How do you calculate CTR?
Clicks divided by the opportunity to click — and the opportunity changes by context. For ads it's clicks / impressions from platforms like Google Ads or Meta Ads. For organic search it's clicks over search impressions from Google Search Console. For email it's unique_clicks / delivered. Same name, three different metrics — never blend them into one number.
What's a good CTR?
There is no universal benchmark — it depends entirely on channel, placement, and position. Search ads on branded terms can clear 10%; display ads live below 1%; email CTR of 2–3% on delivered is respectable. The useful comparison is your own trend: the same campaign type, same placement, over time. Pin CTR next to cost per click and spend on a paid channel performance dashboard so a "good" CTR that costs too much doesn't hide.
Why is email CTR more useful than open rate now?
Apple Mail Privacy Protection preloads tracking pixels, which registers opens that never happened — open rates have been inflated and unreliable since 2021. Clicks still require a human decision, so click-through rate on delivered is the engagement headline for email. Sync campaign stats from Mailchimp or event data from SendGrid and chart unique clicks over delivered on an email engagement dashboard.

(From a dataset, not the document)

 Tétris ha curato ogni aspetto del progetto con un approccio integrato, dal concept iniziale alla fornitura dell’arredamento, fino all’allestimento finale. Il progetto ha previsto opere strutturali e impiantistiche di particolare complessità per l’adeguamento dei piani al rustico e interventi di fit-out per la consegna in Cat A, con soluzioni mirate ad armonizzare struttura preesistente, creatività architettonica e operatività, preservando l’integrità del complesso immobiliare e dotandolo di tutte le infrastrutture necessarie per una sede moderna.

Does CTR depend on search position?
Heavily. Position 1 in organic search captures a large share of clicks, and CTR falls off a cliff below position 3 — a page at position 8 with a 1% CTR may be performing exactly as expected. Always read search CTR next to average position from Google Search Console, and compare pages within the same position band, not across the whole property. See organic clicks & impressions for the full search-side picture.

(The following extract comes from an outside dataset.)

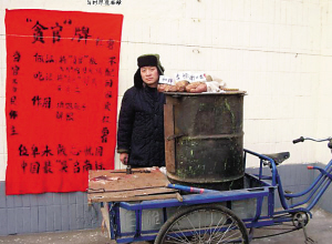 從“水冰月”所發(fā)的照片可以看到,賣紅薯者是一名年約30歲的男子,身穿深色皮襖,頭戴一頂雷峰帽,在一輛三輪車上放著一個由汽油桶改裝的烤爐。在烤爐上面,擺放著多個烤好的紅薯。另外,在其中的3個紅薯上面還分別插了牌子,分別寫著“和珅”、“秦檜”和“謝X龍”。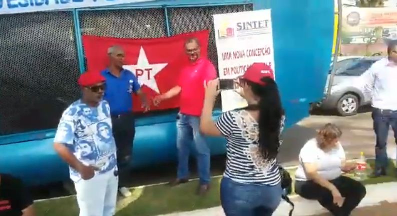 Um pequeno grupo de sindicalistas e representantes de partidos da esquerda fizeram um protesto no…

How do you track CTR in Metabase?
Sync daily performance rows from your ad platforms, Search Console, and email tool into a SQL database, then compute clicks over the context-appropriate denominator with SUM(clicks) / NULLIF(SUM(impressions), 0) — always re-aggregate from raw counts rather than averaging pre-computed rates. Chart each channel on its own card and keep the trend next to landing-page conversion rate so you can see whether clicks actually convert.